室町時代に桟に隙間がある開口部が生まれ、桃山期の「洛中洛外図」を見ると荒く縦横に組まれた固定式の組子が町家の標準仕様だった様子が描かれています。
この頃は物騒な時代であり、防犯上の理由で固定式の格子を備えるようになったとされています。
洛中洛外図屏風(舟木本):景観の情況から元和初年(1615)頃の作とされている。
出典:東京国立博物館WEBサイト
研究情報アーカイブズは こちら
江戸時代になると、格子の制作技術の向上によりより細く綿密な格子が主流になりました。人口増加で高密化する街の視線制御効果が有用で、その後も格子の発達が進んだ要因と考えられます。
江戸中期頃には町家の開口は目の細かい縦格子にほぼ統一され、現代の私たちがイメージする町家意匠の流れができあがりました。それ以降は明治に至るまで、町家の「エクステリア」画一化と格子の繊細化が進みました。
京都の現代における格子
前述の「旧市街地型美観地区」ですが、実は格子を義務付ける内容はほとんどありません。ですが、守らなければならないデザイン上の規制を考えると、格子が非常に有用で扱いやすいと言えるかと思います。
例えば、町家で道路に面してバルコニーを設置する場合はインナーバルコニーにしなければならず、更に手摺面は外壁と違うデザインにしなければなりません。更に軒庇よりバルコニーが突出するのはNGで、ボリューム感が立たないようデザインをしなければいけません。
そうなると、京の町家で長年自然と用いられてきた格子が、意匠上の京都らしさの表現だけでなく規制のクリアには好都合なのです。
現代では和洋限定せず目隠しやデザインで縦ルーバーを使う事は多くありますが、京都の暮らしの中で古くから発展してきた「格子」の街並みは、まさに意匠性・機能性を備えた京都生まれの万能エクステリア・マテリアルと呼べるのではないでしょうか。
京都の格子活用例
京都の町を歩くと、格子は様々な形でアレンジされ、美しく建物と街並みを繋いでいます。

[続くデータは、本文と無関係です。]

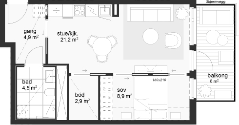 Leiligheten bygges med lys en-stavs eikeparkett, generøs takhøyde og store vindusflater. Balansert ventilasjon sørger for godt inneklima og lave kostnader til oppvarming. Som kjøper kan du velge mellom tre ulike interiørstiler uten ekstra kostnad. Konseptene FUNKIS, JÄRVENPÄÄ og LØKKA definerer veggfarger, kjøkkenfronter og -håndtak, benkeplate og fliser på bad. Du kan lese mer om innredningsvalgene i prospektet. Leiligheten kvalifiserer til Grønt Boliglån. Ta kontakt med selger for mer informasjon.
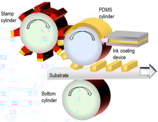 nTP typically uses a metal layer deposited by physical vapor deposition, which requires a long time to prepare a vacuum condition. As a result, obtaining the metal layer on a large area is difficult. By contrast, reverse offset (RO) technology [] provides high throughput and high resolution (1 µm) using conductive nanoparticle inks (Figure 9). Furthermore, a roll-to-roll process for RO has been achieved. In this method, control of the surface energy is crucial for the ink pattern transfer.
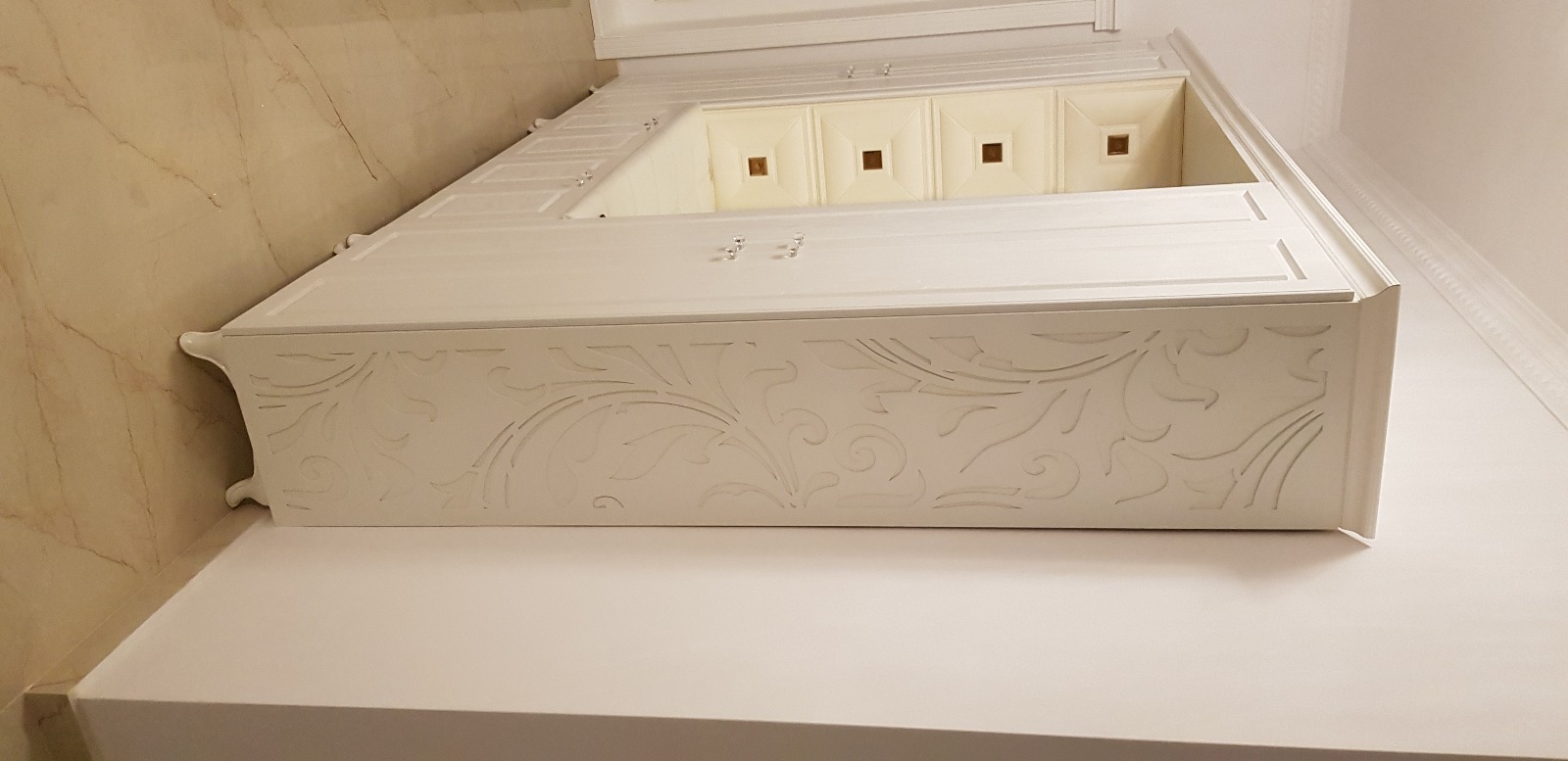 Aplicatie ornamentala din MDF vopsit, culoare la alegere din paletarul RAL, extracost se va aplica pentru culorile metalizate, combinatiile de culori sau MDF furniruit.
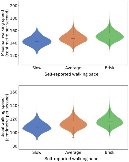Maximal and usual walking speed for people who reported slow (n = 3431), steady (n = 35,319) and brisk (n = 34,483) walking paces. N = 73,233. Widths of the violine plots, kernel densities; top and bottom of the violine plots, 1st and 99th percentiles; top and bottom of the box, upper and lower quartiles; line inside of the box, median; and caps of the whisker, the highest and lowest values within 1.5 times the IQR from the upper and lower quartiles, respectively.
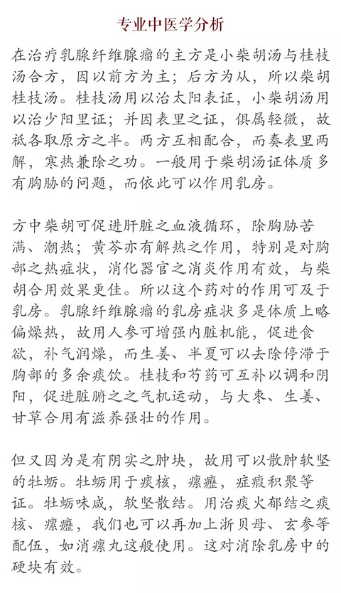01 女性乳房问题整体说明02 乳腺纤维腺瘤、乳腺增生03 乳腺症、乳房囊肿、乳管内乳突瘤04 乳腺炎、乳头炎05乳癌乳腺纤维腺瘤乳房纤维瘤的产生原因,一般认为是女性荷尔蒙分泌过剩所造成的,但真正的原因现在并没有定论。只是多发于30岁以下的年轻女性为多,这是临床上的统计。而中医的观点是认为这多是气机不畅而导致的局部阴实现象。此时再加上体质偏于燥和有些不当的痰液在乳房上形成实质的肿块。而且中医一直认

格子は開口部のみにとどまらず、外壁全体に格子柄を用いていたり、格子を見る角度を利用して絵柄を演出したりするデザインもあります。
◇バルコニーの手摺面が格子の京町家
「旧市街地型美観地区」の京町家は前述の通り、バルコニーのデザインに注意が必要です。
こちらの町家は手摺面前面が格子で造られています。
◇ライオンズ京都御所南レジデンス
RC造の重厚感を感じさせないよう、格子の活用で外壁の存在感を軽減したデザイン。
2023年グッドデザイン賞を受賞されています。
◇K8ビル
木屋町通に建つ、前面マテリアルが木製ルーバーのビル。
建築から10年ほどが経ち、経年による格子の変化が京都らしく存在感を放っています。
木屋町通りはあまり建物に京都らしさがある街並みとは言えませんが、隣の筋の先斗町のように規制が無いために建てることができたビルだと言えます。
現在のK8ビル
まとめ
格子の魅力、もっと知りたくなりましたね。
目隠しとして、エクステリアのアクセントとして、各メーカーさんの様々な格子がありますので、ちょっとしたリフォームなどでも取り入れてみてはいかがでしょうか?